#### Provided material

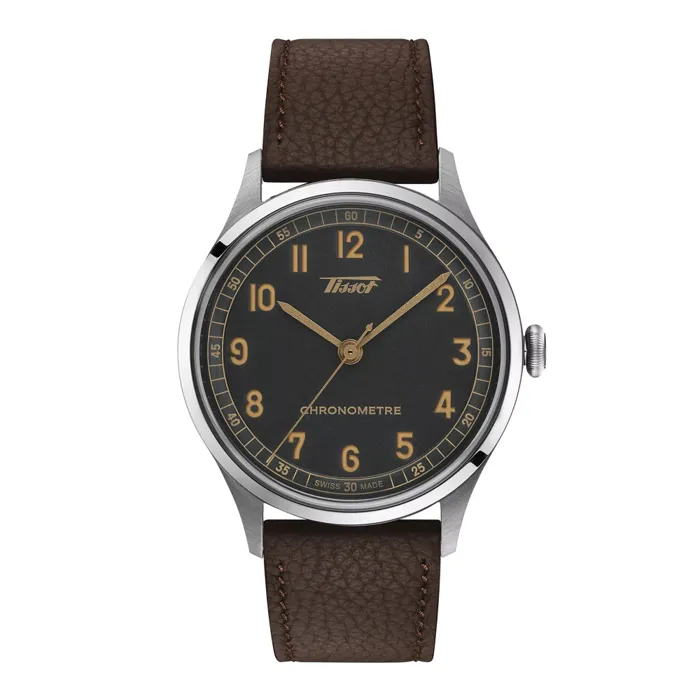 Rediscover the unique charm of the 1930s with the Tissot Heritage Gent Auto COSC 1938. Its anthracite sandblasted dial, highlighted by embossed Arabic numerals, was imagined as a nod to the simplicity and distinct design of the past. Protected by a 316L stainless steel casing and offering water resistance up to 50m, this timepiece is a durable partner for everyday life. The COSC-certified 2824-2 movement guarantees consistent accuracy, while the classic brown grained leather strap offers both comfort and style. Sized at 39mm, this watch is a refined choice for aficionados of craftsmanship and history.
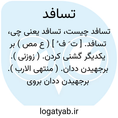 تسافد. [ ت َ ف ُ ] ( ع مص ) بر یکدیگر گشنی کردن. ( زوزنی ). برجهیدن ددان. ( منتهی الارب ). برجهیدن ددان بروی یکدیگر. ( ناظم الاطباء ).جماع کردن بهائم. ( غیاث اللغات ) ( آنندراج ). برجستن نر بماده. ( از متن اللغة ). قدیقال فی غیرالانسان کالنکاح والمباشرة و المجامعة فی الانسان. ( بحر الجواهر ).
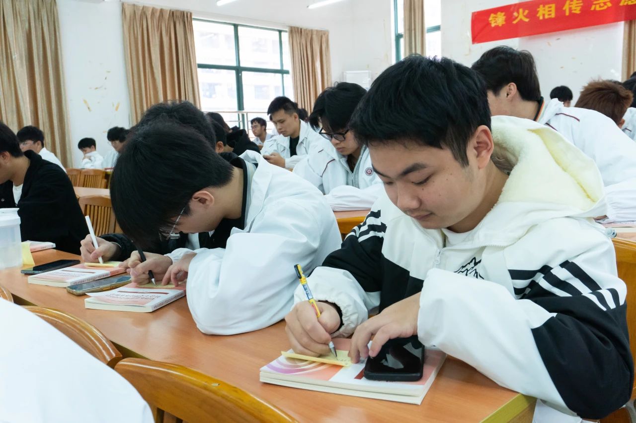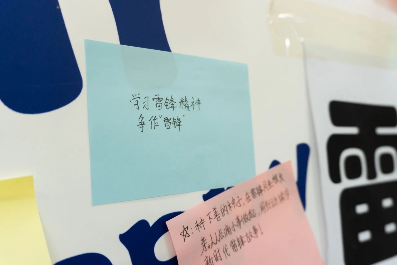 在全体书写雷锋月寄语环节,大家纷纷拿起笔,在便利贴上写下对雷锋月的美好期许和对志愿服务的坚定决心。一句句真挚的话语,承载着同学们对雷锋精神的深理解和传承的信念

---

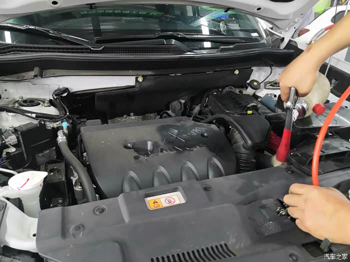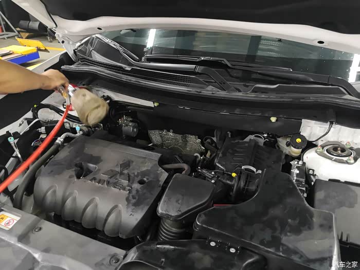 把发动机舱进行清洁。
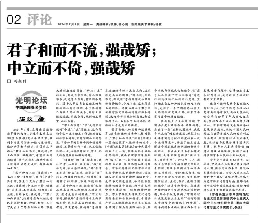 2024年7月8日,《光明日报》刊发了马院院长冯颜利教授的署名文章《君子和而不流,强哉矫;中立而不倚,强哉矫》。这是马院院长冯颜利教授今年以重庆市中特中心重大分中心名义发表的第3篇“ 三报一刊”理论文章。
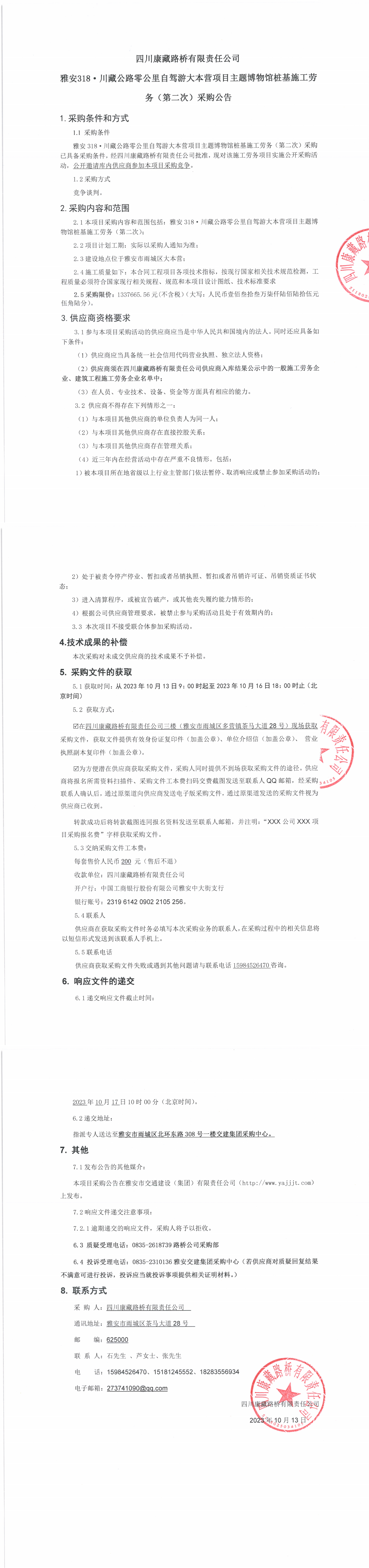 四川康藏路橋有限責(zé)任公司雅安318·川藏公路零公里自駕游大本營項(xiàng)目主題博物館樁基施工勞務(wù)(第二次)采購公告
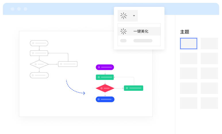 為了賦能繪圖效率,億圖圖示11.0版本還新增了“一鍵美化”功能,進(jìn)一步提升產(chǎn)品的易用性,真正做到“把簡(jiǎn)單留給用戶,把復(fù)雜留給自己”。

#### Exercise objective
Within the listing above, the lines starting at the one containing "2024年7月8日,《光明日" and ending at the one containing "為了賦能繪圖效率,億圖圖示1" are to be returned exactly. Omit the pictures.

#### Response for this exercise
 2024年7月8日,《光明日报》刊发了马院院长冯颜利教授的署名文章《君子和而不流,强哉矫;中立而不倚,强哉矫》。这是马院院长冯颜利教授今年以重庆市中特中心重大分中心名义发表的第3篇“ 三报一刊”理论文章。
 四川康藏路橋有限責(zé)任公司雅安318·川藏公路零公里自駕游大本營項(xiàng)目主題博物館樁基施工勞務(wù)(第二次)采購公告
 為了賦能繪圖效率,億圖圖示11.0版本還新增了“一鍵美化”功能,進(jìn)一步提升產(chǎn)品的易用性,真正做到“把簡(jiǎn)單留給用戶,把復(fù)雜留給自己”。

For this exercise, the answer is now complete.